大阪で工場勤務しているYさんは、金融機関から送られてくる書類が届くたびに「心臓が止まる思いです」と話す。金融機関の書類を前に手が震えている。
「相続なんてするんやなかった」と後悔の日々だ。
Yさんの父は、大阪で長く上場会社に勤務。定年まで勤め上げて、退職後も妻に先立たれたが、悠々自適の生活だった。
そして3年前に父は死亡。自宅や預金などは、一人息子のYさんが相続した。
それから8カ月ほどしてからある金融機関から、手紙が届いた。
「督促状とあり、金を返済せよと通知してきた。父の名前も書いてあるが、借りた覚えのないもので、手違いかと金融機関に問い合わせると、借金があるという。あわてて会社を早退して、金融機関に出向きました」
父は実弟がかつて事業をしており、実弟のために4千万円の融資を受けたのだという。当初、実弟が借金の返済をしていたが父より先に死亡。
その後、父が年金から、金利だけを返済していたというのだ。その残額の返済を相続人のYさんに求めてきたのである。
「父は心臓病で急死。病院で『迷惑かけるかも……』とつぶやいていた。

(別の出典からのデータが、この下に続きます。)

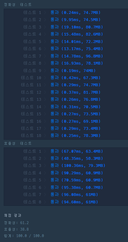 - ์ฒ์์ ๋ฌธ์์ด์ charAt()์ผ๋ก ๋ฌธ์๋ฅผ ์ ๊ทผํด ์ฒ๋ฆฌํ๋ คํ์ง๋ง, ํจ์จ์ฑ ํ ์คํธ์์ ์๊ฐ์ด๊ณผ๊ฐ ๋ฌ๋ค.

それがこの借金のことだったのかと気付いた」(Yさん)
父が亡くなり半年が過ぎ、その間は一円も返済がされていない。遅延損害金も含め、2500万円ほどの残債があるとわかった。
相続した父の遺産は、自身が購入していた自宅ローンの支払いの一部に充当するなどして、ほとんどが消えていた。全額返済できる余裕はなく、途方に暮れるYさん。

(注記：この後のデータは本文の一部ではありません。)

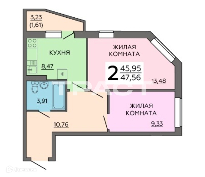 Общая площадь 47 м2

すると、数カ月後に金融機関は返済の意思がないと、自宅の競売を申し立てた。
「自宅を取られるとなれば、路頭に迷う。知り合いのツテで弁護士を紹介してもらい金融機関と交渉。返済の意思を示して競売を取り下げてもらった」
その後、会社員のYさんは給料から、当面月5万円ほどを返済に充てることで、金融機関に了解してもらった。だが、借金の残金からみれば、完済は程遠い。